PE_MMU reception flow:

  1. _worker does _inbox.get() for one message.
  2. hasattr(msg, "request") confirms a Transaction wrapper.
  3. isinstance(msg.request, MmuMapMsg) → for each entry, call self._mmu.map(va=e["va"], pa=e["pa"], size=e["size"]).
  4. isinstance(msg.request, MmuUnmapMsg) → for each entry, call self._mmu.unmap(va=e["va"], size=e["size"]).
  5. Both signal msg.done.succeed() after completion.

An external caller (runtime API) awaiting done therefore receives a SimPy guarantee that "the mapping is installed on-device" — this is the realization of ADR-0011's "MMU map installation incurs measured fabric latency".

This ADR does not define the sender or fan-out policy for the sideband message — those are runtime API responsibilities. Only the receive contract belongs here.

D6. Non-MMU Transactions delegate to generic forwarding

If a message pulled from _inbox is not MmuMapMsg / MmuUnmapMsg (or lacks a request attribute), _forward_txn handles it normally. This keeps the door open for future topologies where PE_MMU sits on a pass-through path — current code never sends such traffic, but the routing remains safe.

Alternatives Considered

A1. Make translate() a SimPy generator

Rejected. As D2 explains, this blurs op_log / pipeline overlap accounting in the PE engine.

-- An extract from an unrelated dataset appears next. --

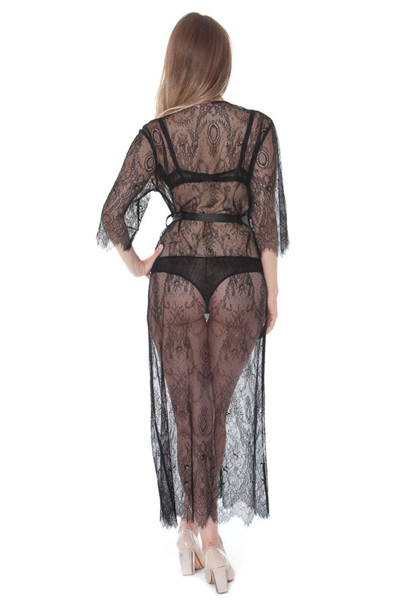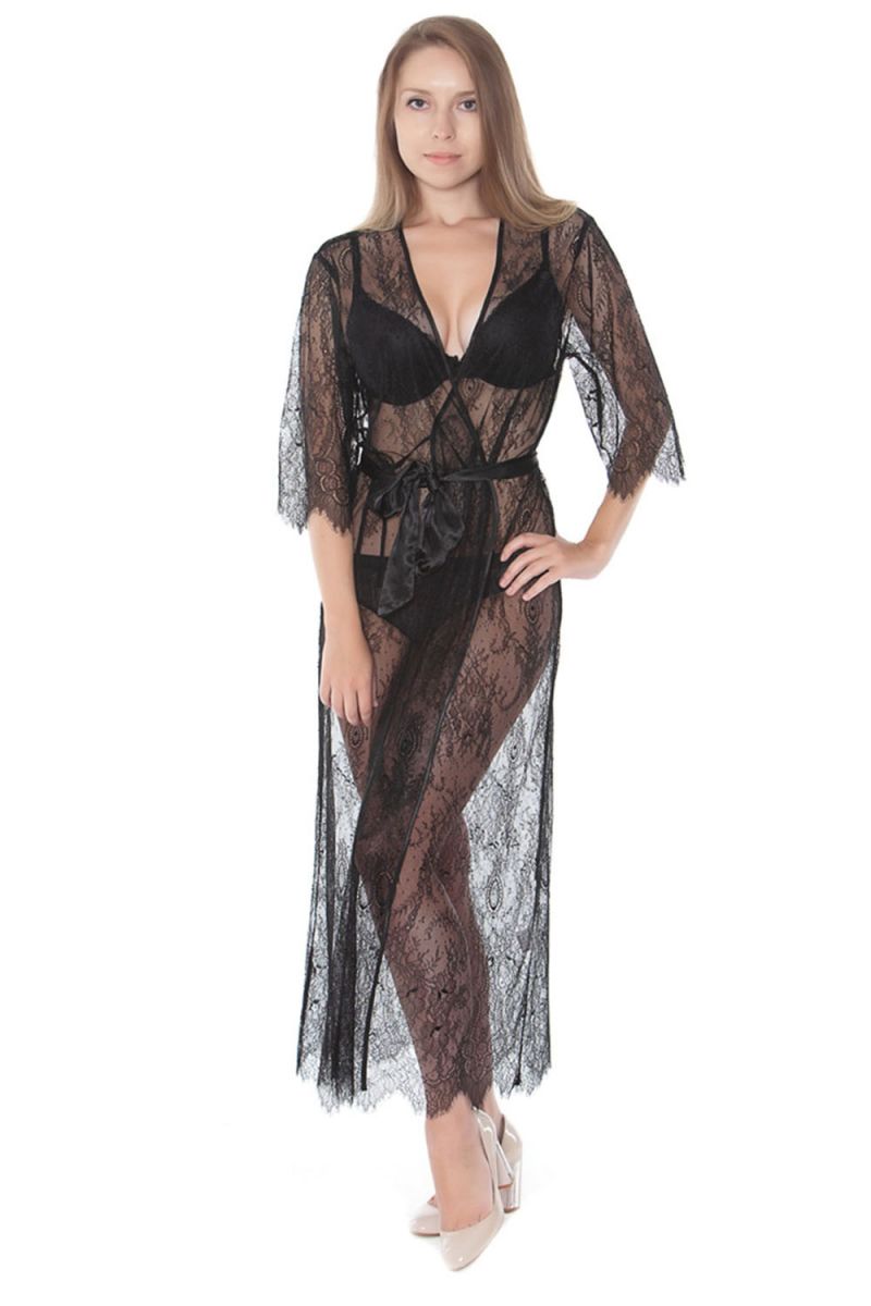 Женский домашний халат выполнен из кружевного полотна. Модель свободного силуэта на поясе. Изделие длиной макси. Борта халата окантованы шелком. Рукав прямой длиной 3/4. Трусики и бюстгальтер не входят в комплект!

A2. Use small page size (e.g., 128 B) instead of sub-page regions

Rejected. Would explode page-table memory and cube-wide map message size. Most mappings are 2 MiB; pushing the page size below that for the few DPPolicy sharding cases inflates average cost.

A3. Make PE_MMU a PE_CPU helper only (not a topology node)

Rejected. ADR-0011 requires that MMU map installation incur measured fabric latency (via MmuMapMsg), which requires PE_MMU to be a node on the graph. It also keeps cube NoC visualizer output consistent.

Consequences

  • PE_MMU's dual role is justified at ADR level, so future "unify into one" refactor pressure has a documented counterpoint.
  • The sub-page region model is explicitly labeled a stopgap, providing a basis for deprecating it when LA model (ADR-0011) lands.
  • The "translate() does not yield" contract is locked in (D2), so any future proposal to add an internal MMU timeout can be denied with a documented rationale.
  • PA fallback (D4) is normalized, preventing defensive logic from treating PageFault as an error.